Arai Hakuseki (born March 24, 1657, Edo [now Tokyo], Japan—died June 29, 1725, Edo) was a Japanese statesman and scholar who was a chief adviser to the Tokugawa shoguns in the early years of the 18th century.
Born into an impoverished samurai, or warrior, family, Arai educated himself under conditions of extreme hardship. He found employment in 1682 under Hotta Masatoshi (1634–84), a top government official. When Hotta died two years later, Arai became tutor to Tokugawa Ienobu (ruled 1709–12), the heir apparent to the shogun, the hereditary military dictator of Japan. Ienobu became shogun in 1709, and Arai became the leading architect of government policy.
The Tokugawa government had grown lax, and bureaucratic rigidity had come to hamper efficiency.
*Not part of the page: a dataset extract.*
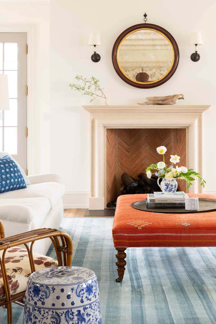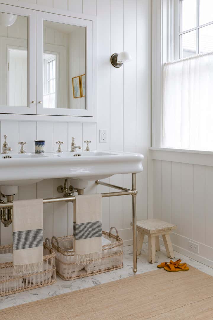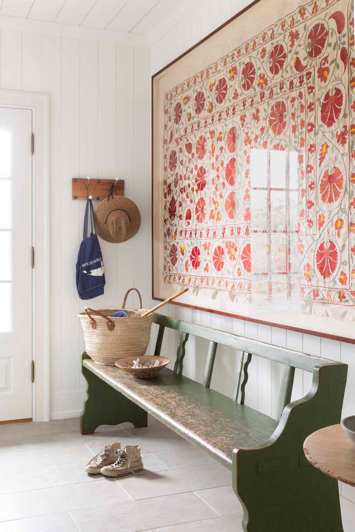 Though the construction was all new, the homeowners wanted their summer home to feel old, as though it had been passed down over many generations. KMD drew on memories of Katie’s childhood summers on Martha’s Vineyard in the house built by her great-grandparents. Middle Valley Road was furnished with a combination of new, antique, and vintage items to create unfussy, layered rooms.

Arai attempted to make the laws of the country more practical; he reformed the currency and instituted a rigid system of budgeting and accounting. To stop the drain of precious metals from the country, he further tightened governmental control over foreign trade. Arai attempted to institute a policy by which it would be clear to foreign powers that Japan’s emperor was merely symbolic and real sovereignty resided with the shogun.
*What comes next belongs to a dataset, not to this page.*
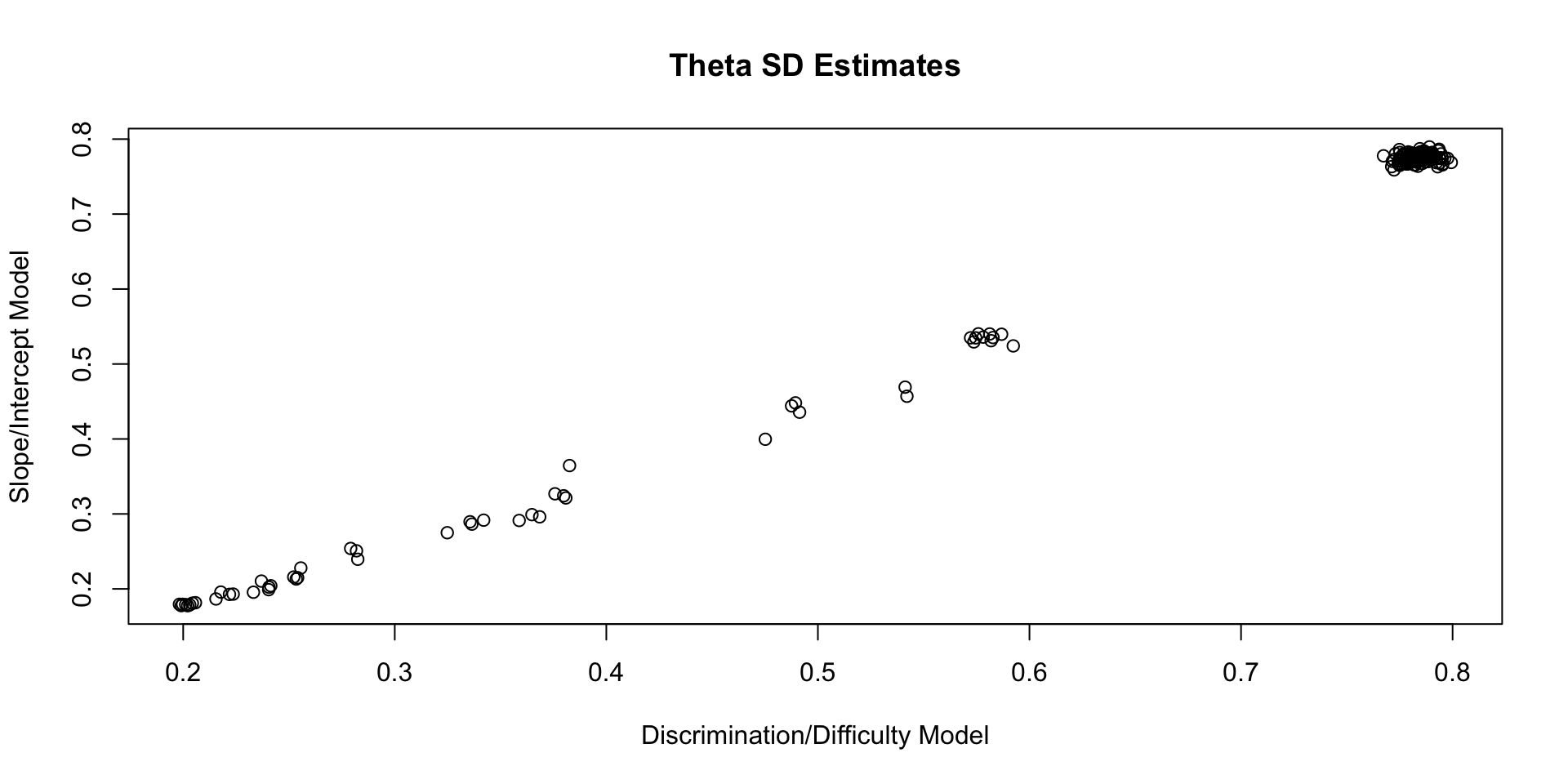 Shown for the discrimination/difficulty parameterization (but applies to slope/intercept, too)

Although Ienobu died in 1712, Arai remained in the government throughout the reign of his successor, Tokugawa Ietsugu. But when the strong-minded Tokugawa Yoshimune came to power in 1716, Arai was forced to retire. He then devoted the rest of his life to writing.
Arai’s works total more than 160 books. He wrote pioneering studies in Japanese geography, philosophy, and legal institutions and is considered one of the greatest historians of Japan. Among his best-known works are Tokushi yoron (“Thoughts on History”), a study of Japanese history from the 9th to the 16th century; Koshitsū (“The Understanding of Ancient History”), a critical study of the earliest documentary sources; and his autobiography, Oritaku shiba no ki (Told Round a Brushwood Fire; 1979).